Task item:
Starting at the line with "Smidig fleecejakke fra", set down each line of the entries below through the last one, exactly as it stands.

BEGIN Material for this exercise

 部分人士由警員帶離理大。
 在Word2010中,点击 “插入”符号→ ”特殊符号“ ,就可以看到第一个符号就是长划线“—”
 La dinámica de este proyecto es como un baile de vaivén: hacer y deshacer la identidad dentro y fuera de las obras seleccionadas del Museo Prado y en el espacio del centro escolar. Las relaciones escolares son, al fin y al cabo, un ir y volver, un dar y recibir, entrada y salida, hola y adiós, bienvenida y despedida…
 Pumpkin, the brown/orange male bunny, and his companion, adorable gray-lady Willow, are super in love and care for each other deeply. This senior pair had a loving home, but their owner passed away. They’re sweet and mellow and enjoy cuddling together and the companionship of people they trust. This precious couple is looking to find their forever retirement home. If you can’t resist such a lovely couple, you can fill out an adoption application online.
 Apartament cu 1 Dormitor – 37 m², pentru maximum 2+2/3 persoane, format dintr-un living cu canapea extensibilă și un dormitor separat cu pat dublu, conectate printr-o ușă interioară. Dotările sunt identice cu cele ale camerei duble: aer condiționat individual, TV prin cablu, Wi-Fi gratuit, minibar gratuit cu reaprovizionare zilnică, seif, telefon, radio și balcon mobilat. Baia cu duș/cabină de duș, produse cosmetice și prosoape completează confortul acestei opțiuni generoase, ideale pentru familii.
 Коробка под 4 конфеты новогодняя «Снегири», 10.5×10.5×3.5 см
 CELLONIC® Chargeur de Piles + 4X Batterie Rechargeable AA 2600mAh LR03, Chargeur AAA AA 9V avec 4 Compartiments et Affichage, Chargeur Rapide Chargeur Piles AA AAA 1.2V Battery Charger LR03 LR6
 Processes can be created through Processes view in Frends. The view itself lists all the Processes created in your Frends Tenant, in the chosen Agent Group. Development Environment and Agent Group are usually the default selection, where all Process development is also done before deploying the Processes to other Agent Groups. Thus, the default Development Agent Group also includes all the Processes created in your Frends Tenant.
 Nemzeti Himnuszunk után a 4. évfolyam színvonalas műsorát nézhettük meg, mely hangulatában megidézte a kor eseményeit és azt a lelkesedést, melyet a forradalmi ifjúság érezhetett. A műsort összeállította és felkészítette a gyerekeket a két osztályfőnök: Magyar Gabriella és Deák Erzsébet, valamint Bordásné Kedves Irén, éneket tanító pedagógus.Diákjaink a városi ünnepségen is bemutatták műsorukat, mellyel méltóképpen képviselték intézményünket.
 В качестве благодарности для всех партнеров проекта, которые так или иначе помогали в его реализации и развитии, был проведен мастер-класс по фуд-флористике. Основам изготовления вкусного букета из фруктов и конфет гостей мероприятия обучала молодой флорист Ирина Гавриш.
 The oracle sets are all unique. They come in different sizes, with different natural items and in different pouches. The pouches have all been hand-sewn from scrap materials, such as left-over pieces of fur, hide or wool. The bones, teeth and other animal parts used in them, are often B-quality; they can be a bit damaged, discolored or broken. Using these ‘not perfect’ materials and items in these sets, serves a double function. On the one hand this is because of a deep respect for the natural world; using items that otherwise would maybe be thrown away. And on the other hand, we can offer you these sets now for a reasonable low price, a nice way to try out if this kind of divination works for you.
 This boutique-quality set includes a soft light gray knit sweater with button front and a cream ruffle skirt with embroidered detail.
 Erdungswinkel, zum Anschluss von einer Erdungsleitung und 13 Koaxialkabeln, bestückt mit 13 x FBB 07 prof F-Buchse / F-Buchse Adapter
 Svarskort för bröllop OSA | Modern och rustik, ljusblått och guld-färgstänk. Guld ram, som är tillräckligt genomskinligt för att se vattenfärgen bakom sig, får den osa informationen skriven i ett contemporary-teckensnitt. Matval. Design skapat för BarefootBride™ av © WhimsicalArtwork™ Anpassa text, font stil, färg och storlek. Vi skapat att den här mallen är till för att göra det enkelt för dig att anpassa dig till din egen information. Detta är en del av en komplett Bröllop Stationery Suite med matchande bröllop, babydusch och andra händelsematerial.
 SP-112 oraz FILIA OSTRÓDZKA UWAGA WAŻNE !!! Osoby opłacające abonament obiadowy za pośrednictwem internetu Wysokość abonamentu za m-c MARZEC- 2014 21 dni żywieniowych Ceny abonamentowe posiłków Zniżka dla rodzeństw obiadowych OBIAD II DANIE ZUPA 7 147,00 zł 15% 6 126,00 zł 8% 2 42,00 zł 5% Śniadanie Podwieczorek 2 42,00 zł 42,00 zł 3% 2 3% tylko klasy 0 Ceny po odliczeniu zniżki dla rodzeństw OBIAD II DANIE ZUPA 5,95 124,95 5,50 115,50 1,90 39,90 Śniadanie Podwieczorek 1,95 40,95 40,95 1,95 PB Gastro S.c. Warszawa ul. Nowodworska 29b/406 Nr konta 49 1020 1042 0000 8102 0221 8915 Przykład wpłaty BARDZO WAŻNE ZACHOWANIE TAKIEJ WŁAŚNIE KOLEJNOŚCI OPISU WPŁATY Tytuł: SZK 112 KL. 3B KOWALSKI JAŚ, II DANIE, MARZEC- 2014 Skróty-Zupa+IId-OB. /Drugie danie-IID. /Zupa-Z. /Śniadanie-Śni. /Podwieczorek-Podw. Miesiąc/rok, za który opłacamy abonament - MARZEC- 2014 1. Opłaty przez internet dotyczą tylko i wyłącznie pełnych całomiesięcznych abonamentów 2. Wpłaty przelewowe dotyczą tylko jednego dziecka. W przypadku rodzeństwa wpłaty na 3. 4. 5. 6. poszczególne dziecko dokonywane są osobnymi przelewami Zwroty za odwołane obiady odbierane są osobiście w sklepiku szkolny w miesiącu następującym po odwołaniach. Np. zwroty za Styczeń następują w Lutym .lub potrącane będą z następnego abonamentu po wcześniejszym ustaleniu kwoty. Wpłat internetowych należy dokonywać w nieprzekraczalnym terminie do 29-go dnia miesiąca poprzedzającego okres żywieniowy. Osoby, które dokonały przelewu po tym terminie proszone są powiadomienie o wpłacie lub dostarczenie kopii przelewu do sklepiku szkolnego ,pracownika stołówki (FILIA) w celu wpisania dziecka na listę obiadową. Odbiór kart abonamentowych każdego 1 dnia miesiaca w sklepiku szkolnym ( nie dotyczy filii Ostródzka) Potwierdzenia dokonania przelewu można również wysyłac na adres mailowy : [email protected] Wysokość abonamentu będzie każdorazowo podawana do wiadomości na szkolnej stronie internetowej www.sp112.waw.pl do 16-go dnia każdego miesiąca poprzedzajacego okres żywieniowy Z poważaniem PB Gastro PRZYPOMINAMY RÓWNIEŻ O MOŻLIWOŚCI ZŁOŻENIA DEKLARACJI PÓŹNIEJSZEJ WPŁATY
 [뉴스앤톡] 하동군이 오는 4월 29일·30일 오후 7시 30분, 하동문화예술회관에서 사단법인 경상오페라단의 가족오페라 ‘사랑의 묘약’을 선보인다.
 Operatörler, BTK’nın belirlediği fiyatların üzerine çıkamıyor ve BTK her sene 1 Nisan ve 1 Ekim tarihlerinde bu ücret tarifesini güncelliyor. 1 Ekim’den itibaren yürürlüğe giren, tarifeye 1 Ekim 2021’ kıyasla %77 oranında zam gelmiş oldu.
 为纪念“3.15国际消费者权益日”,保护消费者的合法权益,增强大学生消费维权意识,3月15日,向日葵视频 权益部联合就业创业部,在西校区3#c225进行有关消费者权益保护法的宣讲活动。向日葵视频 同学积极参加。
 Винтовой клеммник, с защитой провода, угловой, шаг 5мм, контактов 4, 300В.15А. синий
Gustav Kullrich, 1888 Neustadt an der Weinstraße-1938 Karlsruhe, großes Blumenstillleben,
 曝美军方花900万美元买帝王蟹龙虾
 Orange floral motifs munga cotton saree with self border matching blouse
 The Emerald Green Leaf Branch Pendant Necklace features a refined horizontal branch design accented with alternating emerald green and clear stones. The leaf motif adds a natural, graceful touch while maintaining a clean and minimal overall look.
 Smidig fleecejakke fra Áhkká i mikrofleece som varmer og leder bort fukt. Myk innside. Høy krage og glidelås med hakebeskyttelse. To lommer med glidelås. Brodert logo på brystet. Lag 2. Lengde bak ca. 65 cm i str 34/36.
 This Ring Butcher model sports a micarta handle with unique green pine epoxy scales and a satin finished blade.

END Material for this exercise

Answer for this exercise:
 Smidig fleecejakke fra Áhkká i mikrofleece som varmer og leder bort fukt. Myk innside. Høy krage og glidelås med hakebeskyttelse. To lommer med glidelås. Brodert logo på brystet. Lag 2. Lengde bak ca. 65 cm i str 34/36.
 This Ring Butcher model sports a micarta handle with unique green pine epoxy scales and a satin finished blade.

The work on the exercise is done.